Jacques Grinevald (born January 14, 1946 in Strasbourg) is a French philosopher and historian of scientific and technological development who helped pioneer the idea of degrowth. He is a professor emeritus of global ecology at the Graduate Institute of International and Development Studies in Geneva, Switzerland.

== Background and education ==
After studying political science at the Graduate Institute of International and Development Studies, Grinevald went on to obtain a doctoral degree in epistemology and the history of science from Paris Nanterre University.

Grinevald joined the faculty of the Graduate Institute of International and Development Studies in 1973. He has also taught at the École Polytechnique Fédérale de Lausanne and at the University of Geneva.

In 2015, he was awarded an Energy and Resources Institute Nicholas Georgescu-Roegen Award "for his important contributions to the Decroissance (Degrowth) literature."

== Work ==
Grinevald is best known for helping bring the idea of degrowth to prominence in 1970s France by translating into French (alongside Swiss law professor Ivo Rens (fr)) the works of its prominent theorist the ecological economist Nicholas Georgescu-Roegen.

Grinevald is a fellow of the Geological Society of London and a member of the Anthropocene Working Group, an interdisciplinary research group established by the International Commission on Stratigraphy dedicated to the study of the Anthropocene as a geological time unit.

== Publication ==
Representative publications include:

- La Biosphère de l'Anthropocène: pétrole et climate, la double menace: repères transdisciplinaires, 1824–2007. (Geneva, Georg) (2007) 292p.
- Demain la décroissance: Entropie - Écologie - Économie.
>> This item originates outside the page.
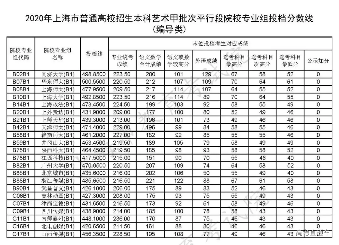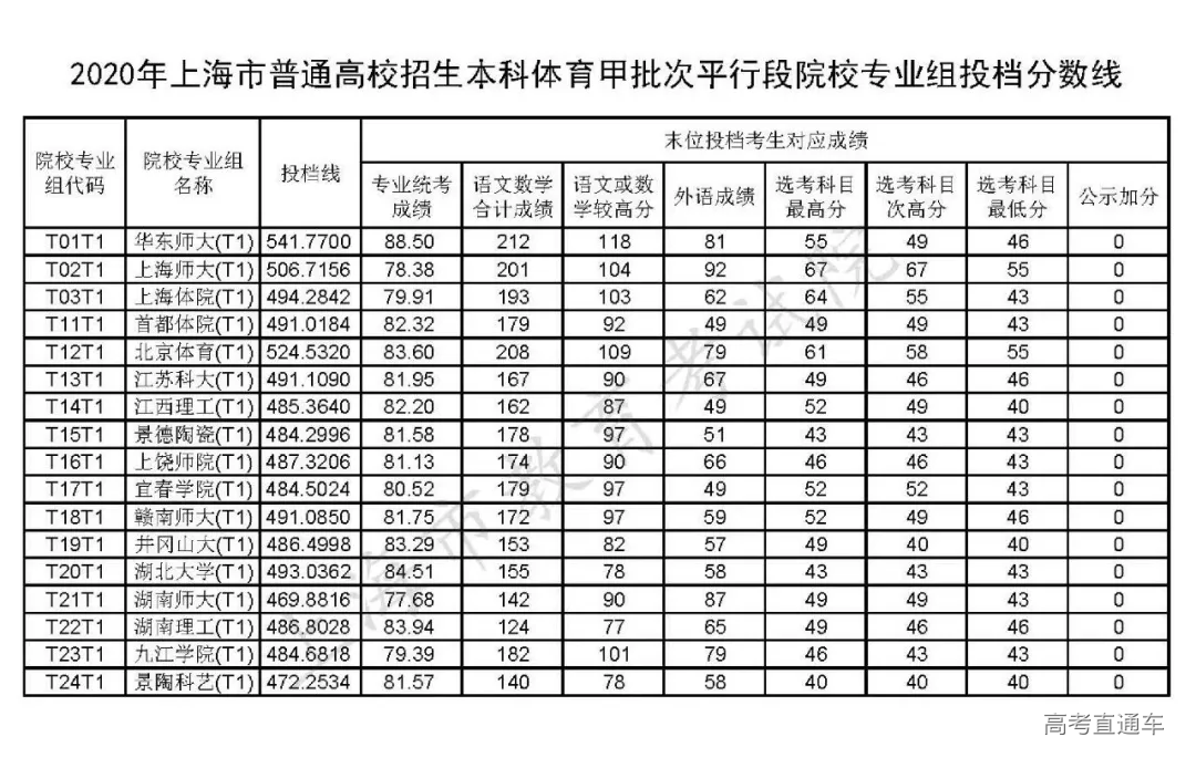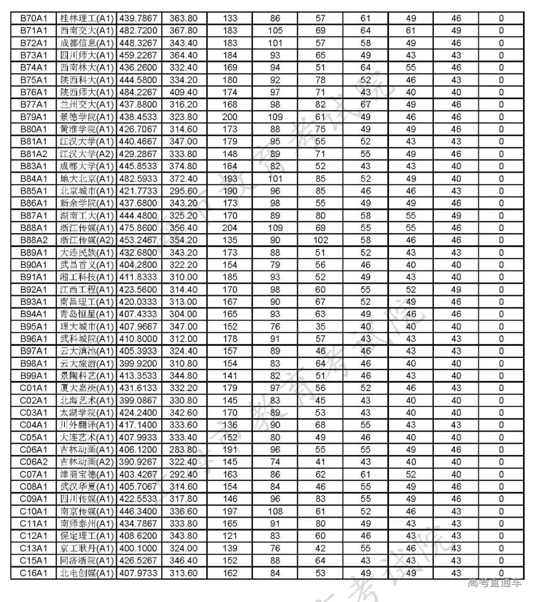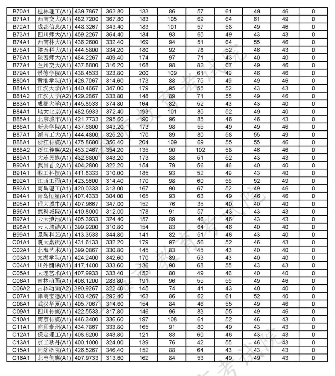 本科艺体类甲批次平行段院校专业组投档线公布:

By N. Georgescu-Roegen, ed. by J. Grinevald and I. Rens (Paris, P.-M. Favre Editions) (1979) 254p.
- "The Anthropocene: conceptual and historical perspectives," co-authored with Will Steffen, Paul J. Crutzen and J. R. McNeill, Philosophical Transactions of the Royal Society (2011).
- "Was the Anthropocene anticipated," co-authored with Clive Hamilton, The Anthropocene Review (2015).